We employed monodisperse 3.5 nm in diameter N-palmityl-6-nitrodopamide capped magnetite nanoparticles with a grafting density of 2.7 molecules/nm.sup.2 (Bixner, 2015 supra and WO 2016/020524). Nanoscale, mixed amphiphile capsules were formed via solvent inversion (THF to calcein solution 1:10, 5 mg/ml calcein in Milli-Q water). All samples were sonicated for 30 min and subsequently extruded through 100 nm polycarbonate membranes in a hand-held extruder prior to release measurements to improve sample homogeneity. Release was measured on the monomodal, extruded suspensions, with an average diameter of 150 nm after size exclusion chromatography. An alternating magnetic field (f=228 kHz, B=94.7 mT) applied for different pulse lengths was used to investigate calcein release triggered by the release of heat from the USPION actuated magnetically at a frequency and field strength compatible with biological tissue.

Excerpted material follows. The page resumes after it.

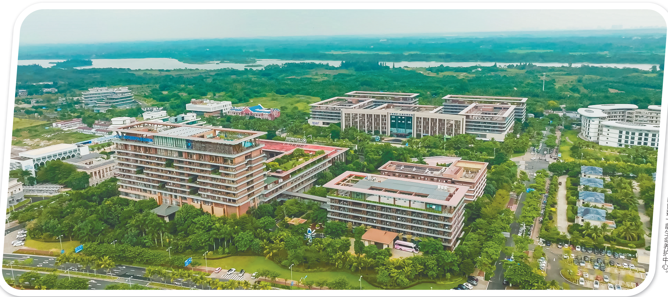
俯瞰位于乐城先行区的博鳌一龄生命养护中心。

从博鳌东屿岛出发，一路向北约20分钟车程，就来到博鳌乐城国际医疗旅游先行区。这里绿树成荫、花草成园，一龄旗下的生命养护中心、中法康复医学中心、博鳌超级中医院等医旅业态就坐落其间。 “这里和印象中的医院完全不一样。”不久前，来自意大利的网红荣茉莉在一龄生命养护中心亲身体验这里独特的内蒙古黄油茶酒疗法，更在传统针灸等中医疗法中，领略到东方医学的魅力。 事实上，从游客的体验来看，博鳌一龄生命养护中心更像是一个配套齐全的医养度假酒店。相比乐城先行区内的各大医院，这座“医养度假酒店”本身就极具创新。 “一龄为大家提供的是预防、治疗、康复等整合连续型的一体化服务，帮助大家真正做到‘未病先防’和‘已病早治’。”一龄集团董事长李玮说。 “未病先防”“已病早治”两手抓，凸显一龄坚持的主动健康方针。早在十多年前，一龄便由被动健康转向主动健康，由中医门诊转型向健康管理中心，探索大健康发展新路。

[0306] The very stable vesicles of the non-thermoresponsive PBD(1200)-b-PEO(600) superamphiphile were little susceptible to magneto-thermal actuation. Only a negligible release of 10% in 3 h could be measured for 30% w/w USPION loaded PBD(1200)-b-PEO(600) vesicles when actuated even at extremely long magnetic pulse durations of 40 min (see FIG. 39). In contrast, magnetoliposomes made of lipids that undergo a phase transition above ambient bulk temperature demonstrate controlled release upon short-term irradiation by alternating magnetic fields due to direct heating of the lipid membrane in which the particles are incorporated. Blended and hybrid vesicles that incorporate a thermoresponsive component into PBD(1200)-b-PEO(600) polymersomes could combine stability of the latter with efficient magneto-thermal release.

[0307] The released percentages of encapsulated calcein resulting from exposure of hybrid and blended magnetosomes with 3.5 nm USPIONs incorporated in the membrane to AMF pulses are shown in FIG. 39. FIG. 39 shows that the magneto-thermally triggered release from blended PBD-b-PEO/PI-b-PNIPAM vesicles is comparable to the passive release even when bulk temperatures of 40 C. were reached for 30 min AMF pulses. No passive release could be detected at low particle loading of 5% w/w and both actuated and non-actuated samples showed zero release within the 90 min time-span of the experiment. Unilamellar lipopolymersomes formed by solvent inversion and then homogenized through extrusion demonstrated magneto-thermally triggered release up to 50% of the encapsulated calcein (FIG. 39 (black solid line)).

[0308] The lipopolymersomes showed efficient release but with the high stability and low passive release of PBD(1200)-b-PEO(600) at a particle loading of 5% w/w that is higher than shown for liposomes. Higher particle loading increased passive release. At least half the loaded content could be efficiently released for lipopolymersomes. The remaining entrapped and possibly slowly releasing fraction was tentatively attributed to an inhomogeneous distribution of lipid among vesicles of different size during solvent inversion, which was suppressed by further optimization of the membrane composition or by using sonication as homogenization method.